PERMISSIBLE EXPOSURE LIMIT

Standar OSHA untuk uap Zinc Oxide adalah 5 miligram uap Zinc Oxide per meter kubik udara (mg/m3) untuk 8 jam kerja per hari.

Menurut NIOSH 5mg/m3 dengan lama kerja 10 jam perhari, 40 jam per minggu, dengan

Short Term Exposure Limit (STEL) 10 mg/m3 untuk 15 menit.

BAGAIMANA MENGHINDARI HAZARD ?

  • Hindarkan kepala dari uap logam
  • Jangan menghirup udara yang mengandung uap logam
  • Gunakan ventilasi yang cukup, exhaust atau keduanya, untuk membersihkan udara di area pernapasan dan sekitarnya.
  • Jangan ambil risiko dengan uap hasil pengelasan. Jika ventilasi atau

    s Troubleshoot-commission On $77.00′>The Fat Loss Troubleshoot-commission On $77.00

    exhaust tidak adekuat pakailah

    respirator (masker) yang memenuhi persyaratan untuk membersihkan udara pernapasan.

MASKER (RESPIRATOR)

Rekomendasi utama untuk ruang kerja pengelasan adalah kontrol teknis dengan

penerapan lokal exhaust atau general ventilasi, untuk mengurangi tingkat pajanan uap Zinc Oxide. Tetapi kadangkala hal tersebut sulit dilakukan sehingga diperlukan pemakaian respirator (masker). Respitaror biasanya digunakan untuk pekerjaan di ruang tertutup (confined spaces), seperti tanki atau ruang sempit tertutup dan dalam kondisi darurat. Selalu gunakan respirator yang di rekomendasikan oleh Mine safety and Health Administration (MSHA) atau oleh National Institute for Occupational safety and Health (NIOSH) atau Depnaker.

PROSEDUR MONITOR DAN PEMERIKSAAN LINGKUNGAN KERJA

– Evaluasi Pajanan 8 Jam

Pengambilan sampel paling baik dilakukan selama 8 jam atau dalam 2 kali per 4 jam. Pengambilan sampel per 30 menit tidak disarankan untuk dilakukan. Pengambilan sampel harus dilakukan oleh orang yang terlatih dengan menggunakan peralatan dan metode yang sesuai. Pengambilan sampel dilakukan di zona pernapasan pekerja ( paling menggambarkan udara yang dihirup oleh pekerja)

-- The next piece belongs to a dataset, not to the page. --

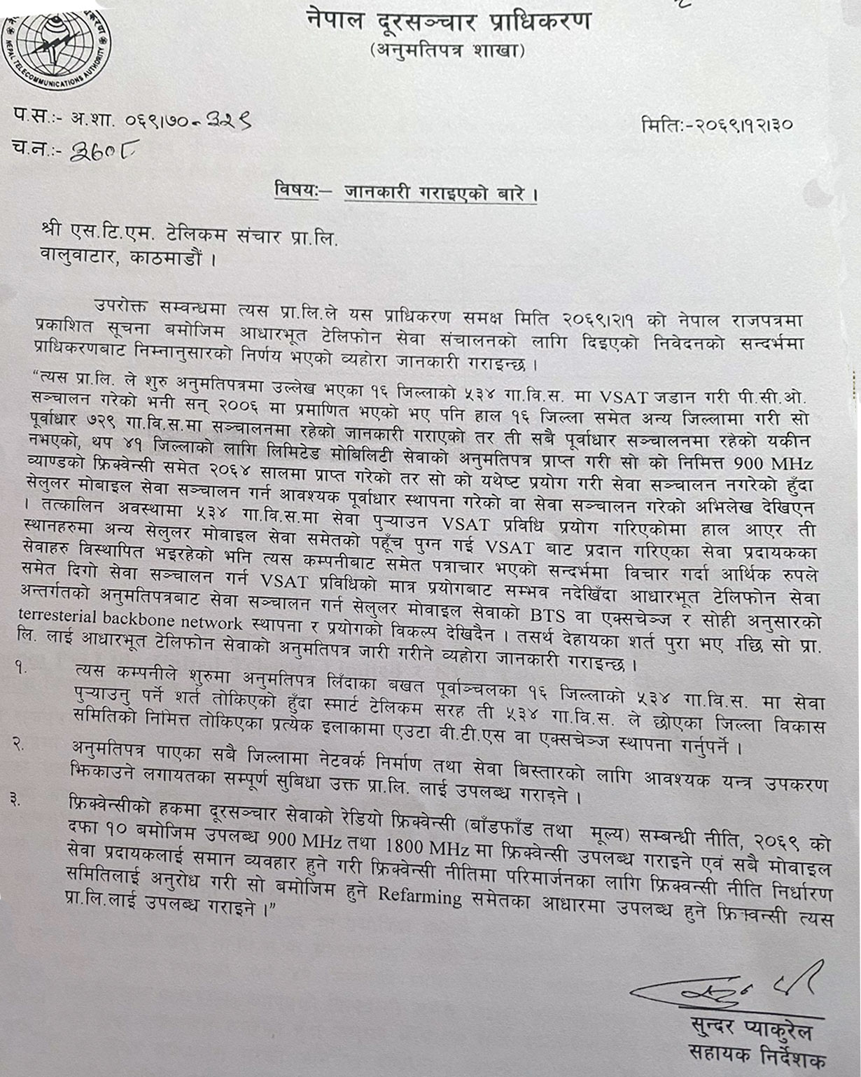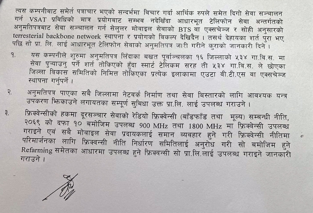 सो राजपत्रमा विभिन्न प्रविधिबाट सेवा दिइरहेका स्मार्ट टेलिकम, नेपाल स्याटलाइट (हेल्लो नेपाल), यूटीएल, एसटीएम टेलिकम सञ्चार (सीजी टेलिकम)लाई तोकिएका शर्त पूरा गरेको अवस्थामा आधारभूत टेलिफोन सेवाको लाइसेन्स दिन सकिने गरी शर्तहरू तोकिएका छन् ।

– Evaluasi Short-Therm Exposure Limit

Pemeriksaan dilakukan pada saat konsentrasi puncak uap Zinc Oxide di duga terjadi. Lakukan selama 15 menit atau serial dengan total waktu 15 menit. Pengumpulan dilakukan pada zone pernapasan pekerja. Lakukan minimal 3 pemeriksaan dalam 1 shift kerja, hasil tertinggi yang bisa disimpulkan sebagai pajanan tertinggi pada pekerja.

KESIMPULAN

  • Demam uap logam merupakan akibat dari pajanan berlebihan uap Zinc Oxide yang dihasilkan dari pengelasan, pemotongan, gurinda logam yang di galvanize.
  • Demam uap logam merupakan kumpulan gejala menyerupai flu yang timbul sesaat setelah terpajan uap logam.
  • Untuk menghindari keluhan tersebut, jauhkan kepala dan hindari menghirup uap logam. Gunakan ventilasi yang baik dan atau exhaust. Jika ventilasi yang baik sulit dilaksanakan gunakan masker yang sesuai.
  • Belum diketahui dampak jangka panjang penyakit ini.

Referensi :

Metal Fume Fever, Safety and Health Fact Sheet No.25, American Welding Society, 2000

zp8497586rq
zp8497586rq
987zzz321

Telinga Berdenging dan Kebisingan

Beberapa hari yang lalu seorang pekerja di pabrik klien saya datang ke klinik dan mengeluhkan telinganya sudah 1 bulan terakhir berdenging. Dari hasil medical check up terakhir tampak adanya penurunan tingkat pendengaran dan dari hasil anamnesa (wawancara) ybs bekerja di area bising dan tidak pernah mengenakan alat pelindung telinga. Apakah ada hubungan kebisingan dengan telinga berdenging ? Ternyata hubungannya erat sekali..

Telinga berdenging dalam istilah kedokteran disebut dengan Tinnitus merupakan gangguan pendengaran dimana telinga terasa berdenging atau terdengar sura grebek2, kresek2 yang mengganggu, terutama saat hening.Salah satu penyebab tinnitus adalah kebisingan. Apa itu bising ? Tidak ada definisi baku bising. Ada yang mengatakan bising adalah suara yang tidak menyenangkan atau suara yang keras. Untuk memastikan tingkat Kebisingan bisa diukur dengan menggunakan alat Sound Level Meter dan NAB (Nilai Ambang Batas) nya adalah 85dB untuk 8 jam pajanan per hari. Artinya lebih dari 85 dB sudah bisa dikategorikan sebagai bising.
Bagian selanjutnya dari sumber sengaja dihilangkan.